_HOW TO COMPLETE THIS TASK_. Repeat exactly, and only, the lines of the entries below from the one with "[신상오픈런]여성용 레이스 벨벳 트랙팬츠" through the one with "CPU Spinner The", both ends included.
--- SUPPLIED MATERIAL ---
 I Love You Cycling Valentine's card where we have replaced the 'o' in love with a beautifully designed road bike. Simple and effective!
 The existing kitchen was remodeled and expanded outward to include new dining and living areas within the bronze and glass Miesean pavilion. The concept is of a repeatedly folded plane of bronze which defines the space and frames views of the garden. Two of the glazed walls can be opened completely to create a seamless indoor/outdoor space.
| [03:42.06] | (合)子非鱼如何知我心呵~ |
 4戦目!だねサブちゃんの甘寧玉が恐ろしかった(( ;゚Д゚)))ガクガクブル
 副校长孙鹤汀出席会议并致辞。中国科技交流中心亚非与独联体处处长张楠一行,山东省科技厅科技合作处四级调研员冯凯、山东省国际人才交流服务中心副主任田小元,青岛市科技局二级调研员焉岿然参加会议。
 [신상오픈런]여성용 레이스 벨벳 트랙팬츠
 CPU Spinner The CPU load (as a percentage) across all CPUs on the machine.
---
--- SUPPLIED MATERIAL ---
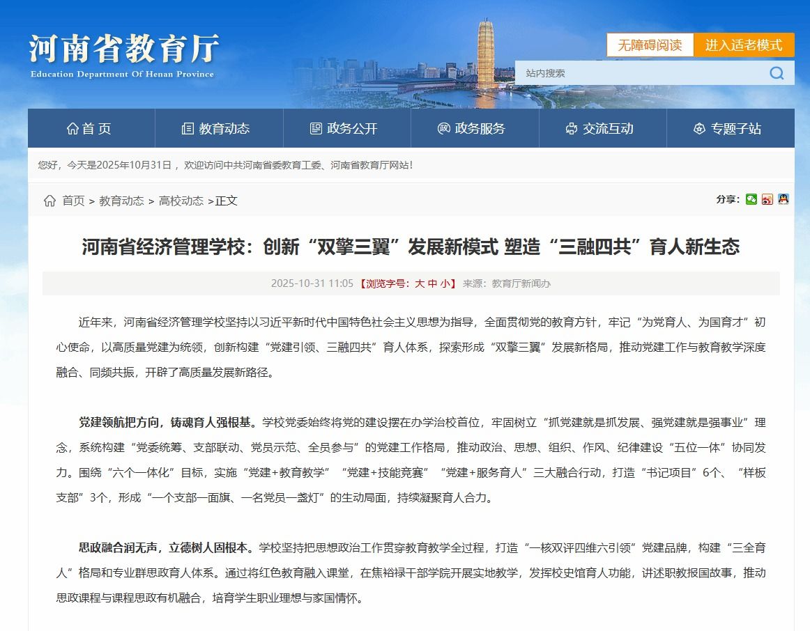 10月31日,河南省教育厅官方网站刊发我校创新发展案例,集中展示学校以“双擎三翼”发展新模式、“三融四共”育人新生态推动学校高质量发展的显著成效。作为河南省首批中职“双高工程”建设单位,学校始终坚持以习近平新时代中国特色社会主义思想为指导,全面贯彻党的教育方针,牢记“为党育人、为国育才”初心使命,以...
---
_EXPECTED ANSWER_.
 [신상오픈런]여성용 레이스 벨벳 트랙팬츠
 CPU Spinner The CPU load (as a percentage) across all CPUs on the machine.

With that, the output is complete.